STRM (Systematic Trading Research Methods) is an an alternative asset manager with a particular expertise in the management of quantitative, model driven futures strategies along with research and development. The systematic trading program only invests in highly liquid exchange listed products and markets such as G7 Interest Rates futures, G7 Currency futures, US stock index futures and commodities. Program strategies do not go with or against the market consensus, but remain independent from the general market. STRM believes strongly that human behavior, as is it relates to market movements, when observed over various time horizons is quantifiable and only those who can effectively blend the human and systematic components of trading have a clear competitive advantage.
STRM blends the experience and expertise of its Principles to employ a diverse portfolio of trading systems designed to locate and profitably exploit short-term inefficiencies that exist in certain markets and at certain times.
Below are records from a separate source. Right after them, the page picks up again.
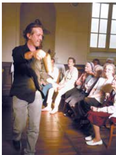
Animation d'ateliers dans le cadre de la résidence de la compagnie LagunArte en septembre 2014 à l'Hôpital d'Excideuil

C'est un temps fort pour tous, avec des rires et des larmes d'émotion. Nous préparons déjà le projet suivant. S'il est accepté, il sera présenté au personnel et une équipe de pilotage se constituera en interne. Cela amène de la vie, une ouverture sur l'extérieur, et modifie le regard sur les EHPAD : on y est vivant jusqu'au bout !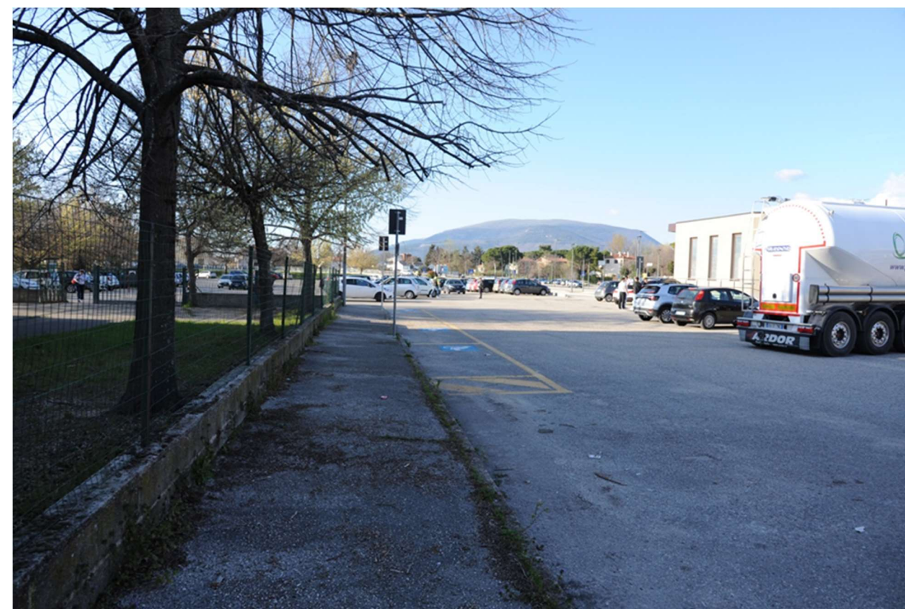
P.12 – Foto da Largo Giovanni Falcone Paolo Borsellino verso le attuali aree sosta per disabili e il parcheggio del Plateatico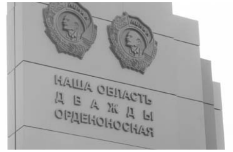
НА ФОТО: ТАК ВЫГЛЯДИТ ВОССТАНОВЛЕННАЯ СТЕЛА

Лидер фракции КПРФ в Горсовете Новосибирска Ренат СУЛЕЙМАНОВ добился восстановления памятного знака, говорящего об успехах Новосибирской области в советское время.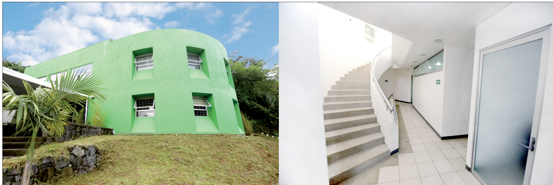
Las nuevas instalaciones fortalecerán el desarrollo de la investigación

Ambos se encuentran avalados por el Consejo Nacional de Ciencia y Tecnología ( Conacyt ) y están en el Programa Nacional de Posgrados de Calidad (PNPC).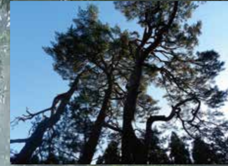
最後一頁/C-5 金冢的松樹

位於太田國見境的田園裏唯一的的松樹。在它的身旁沒有任何其他樹或高的建築物、所以它的存在感顯得更尖。

The STRM edge is largely derived from the systematic process in which models are conceived, tested and implemented. The fund's investment process always begins when repeating market behaviors are observed over time. Trading is not based solely on the existence of such patterns, but rather on the frequency and predictive characteristics of these moves over time. Once such patterns can reasonably be explained in light of market technicals, likely drivers and market sentiment, they will undergo the following process before being deemed acceptable to trade:
A models life cycle ALWAYS follows the same method of development: 1) Observation, discussion and explanation; 2) Written into code; 3) Rigorously back tested without optimization. We believe it is crucial for any potential stand alone model to show strong performance results without optimization thus avoiding all curve fitting risk; 4) Size and risk determination; 5) Input Optimization;
6) Walk Forward Testing of optimized inputs. Out-of-sample data must be >85% profitable during this phase of testing to be considered for further development.
7) Models are run in real-time within a parallel portfolio for an extended period of time; 8) Correlation comparison to existing models in portfolio; and 9) Live Trading.